La pregunta tiene su aquel: en el fondo, es de lo que se trataba en la época de Marción (siglo II) –el primer hereje con nombre y apellidos de la historia de la Iglesia–, cuando este propuso que los cristianos dejaran de considerar como Escritura el Antiguo Testamento y gran parte del Nuevo, por reflejar un Dios que, en realidad, no era verdaderamente cristiano.
En efecto, los cristianos no tenemos en cuenta las leyes alimentarias del Antiguo Testamento (las que prohíben, por ejemplo, consumir carne de cerdo o marisco). Asimismo, tampoco hacemos caso de las leyes penales que ordenan lapidar a una mujer adúltera, matar a las hechiceras, exterminar a los que ofrezcan sacrificios a los dioses o hacer morir a los varones que se acuesten con varones.
Todos tenemos claro que la Palabra de Dios –Cristo en primer lugar, pero también la Escritura– es una Palabra encarnada, lo cual significa que sabe adaptarse a las circunstancias concretas de los seres humanos: sociales, culturales, religiosas, económicas, lingüísticas, etc. Asimismo, también entendemos que la historia de la salvación procede pedagógicamente, es decir, progresivamente, de modo que el hombre y Dios hayan tenido tiempo de acostumbrarse mutuamente el uno al otro: “El Verbo de Dios […] ha habitado en el hombre y se ha hecho Hijo del hombre para acostumbrar al hombre a comprender a Dios y para acostumbrar a Dios a habitar en el hombre” (Ireneo de Lyon, Adversus haereses 3,20,2).
Por eso sorprende cuando, por ejemplo, escuchamos a algunos cristianos defender algunas concepciones económicas del Antiguo Testamento según las cuales cada cierto tiempo –siete años o cincuenta: año santo y año jubilar, respectivamente (cf. Lv 25)– habría que restituir a sus antiguos propietarios las tierras compradas o devolver la libertad a los esclavos (aunque, naturalmente, nadie pida el previo restablecimiento de la esclavitud).

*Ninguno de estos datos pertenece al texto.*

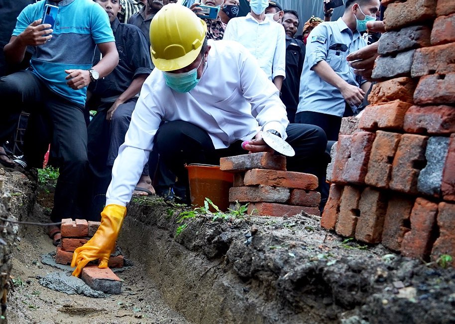 Palembang, Berita Rakyat Sumatera – Gubernur Sumsel H Herman Deru melakukan peletakan batu pertama Padepokan Persaudaraan Setia Hati Terate (PSHT) Ranting Belitang II sekaligus sosialisasi karhutla dan protokol kesehatan covid-19.
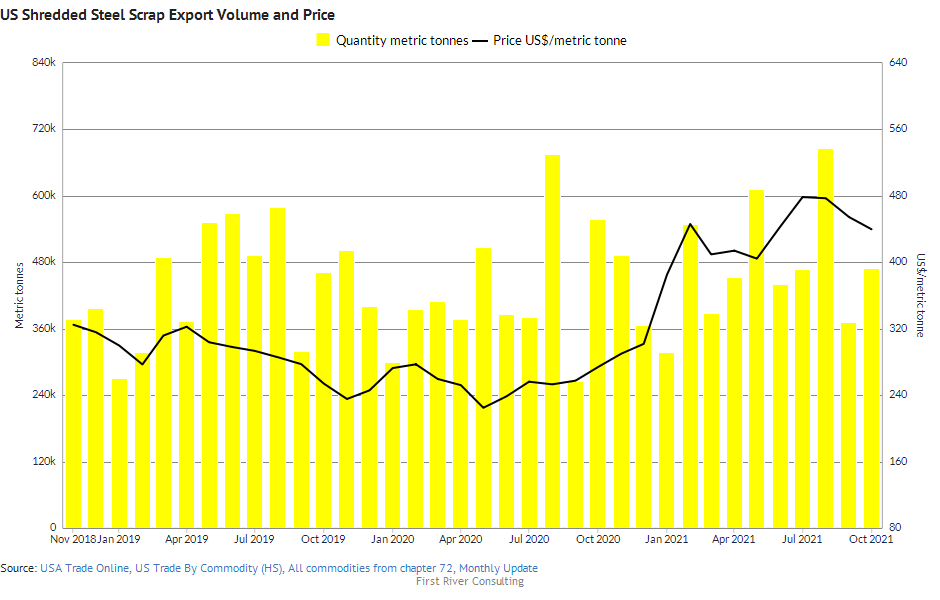 As you can see in the chart below, shredded steel scrap export volumes (left axis, yellow bars) have been volatile since the beginning of the year, with October, 2021 export volumes at 470,000 metric tonnes, while the export volume trend over the last 3 years is up. The rise in the export price (right axis, black line) is even more clear, from a value of US$274/metric tonne in October, 2020 to US$440/metric tonne in October, 2021. November, 2021 data will be available from USA Trade Online and in the Steel Data Room by the end of this week.
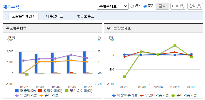 -2023년 9월 전년동기 대비 연결기준 매출액은 14.9% 감소, 영업이익은 10.7% 감소, 당기순이익은 72.3% 감소. 매출 감소에 따른 매출원가와 판관비가 14.7%, 23.9% 감소로 비용 부담은 줄었지만 매출 감소폭이 커 영업이익이 감소함. 전반적으로 모든 매출부문이 감소했지만 LS-VINA Cable 관련 매출이 -12.10% 기록하며 전체 외형 성장에 부담을 줌.
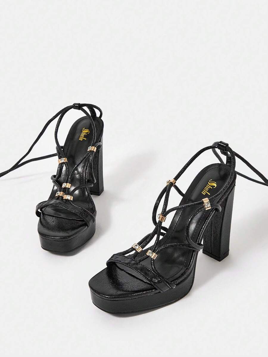 SHEIN SXY Fashionable & Comfortable Women's Black Strappy High Heel Sandals With Rhinestone Decor
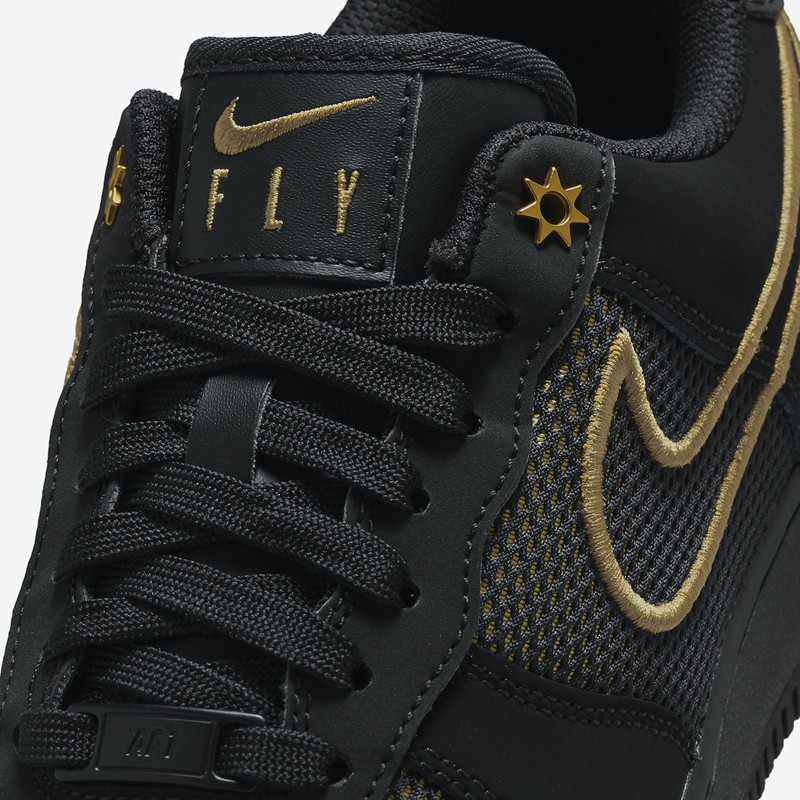 另外鞋舌处也一改往日的 Nike Logo,改为金色的 Swoosh 和 FLY 字样。
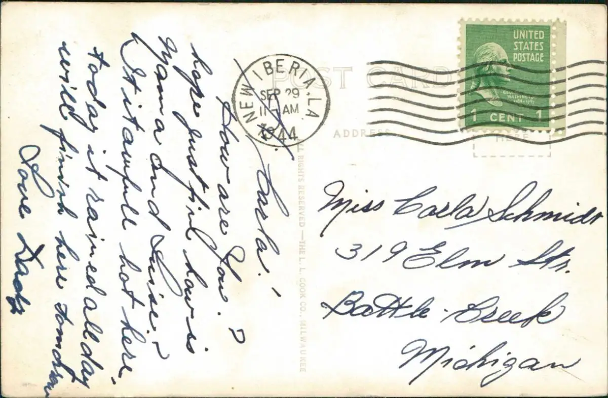 Postcard New Iberia Street view Trees 1929
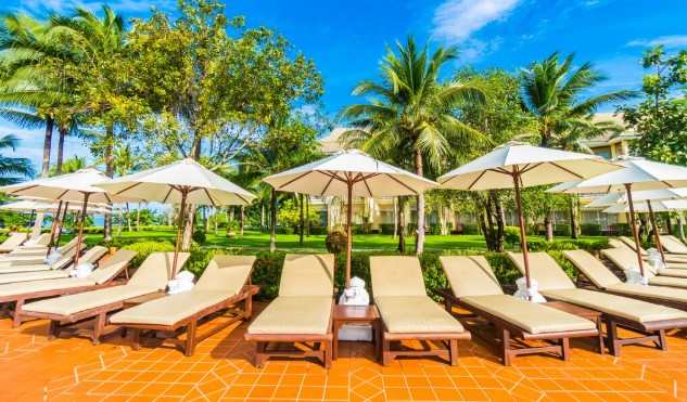 - Plush loungers and umbrellas
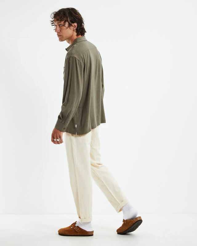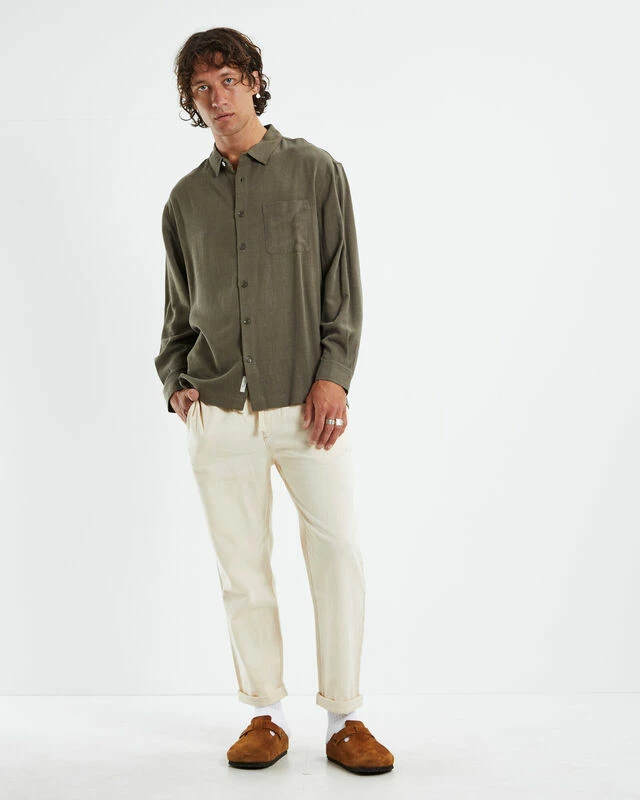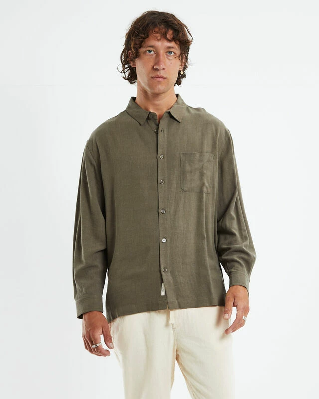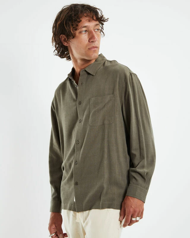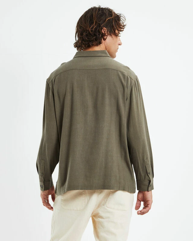 The Harrison Linen Shirt by Arvust comes in an olive green colourway, made from a lightweight linen blend. This design features a left chest pocket, collared neckline, straight hem, button closure, regular fit and long sleeves. Team it back with chino shorts and low cut Converse for an effortless day to night style.

Una economía social de mercado, como es la nuestra, no podría subsistir con leyes económicas como las que aparecen en la Biblia, que en el fondo necesitan como fundamentación un sistema teocrático. La idea de libertad y de responsabilidad personal, con todas sus consecuencias, son valores irrenunciables en nuestra sociedad. Lo cual no impide descubrir en la Biblia algunas intuiciones germinales que son las que habría que adaptar a nuestra situación concreta.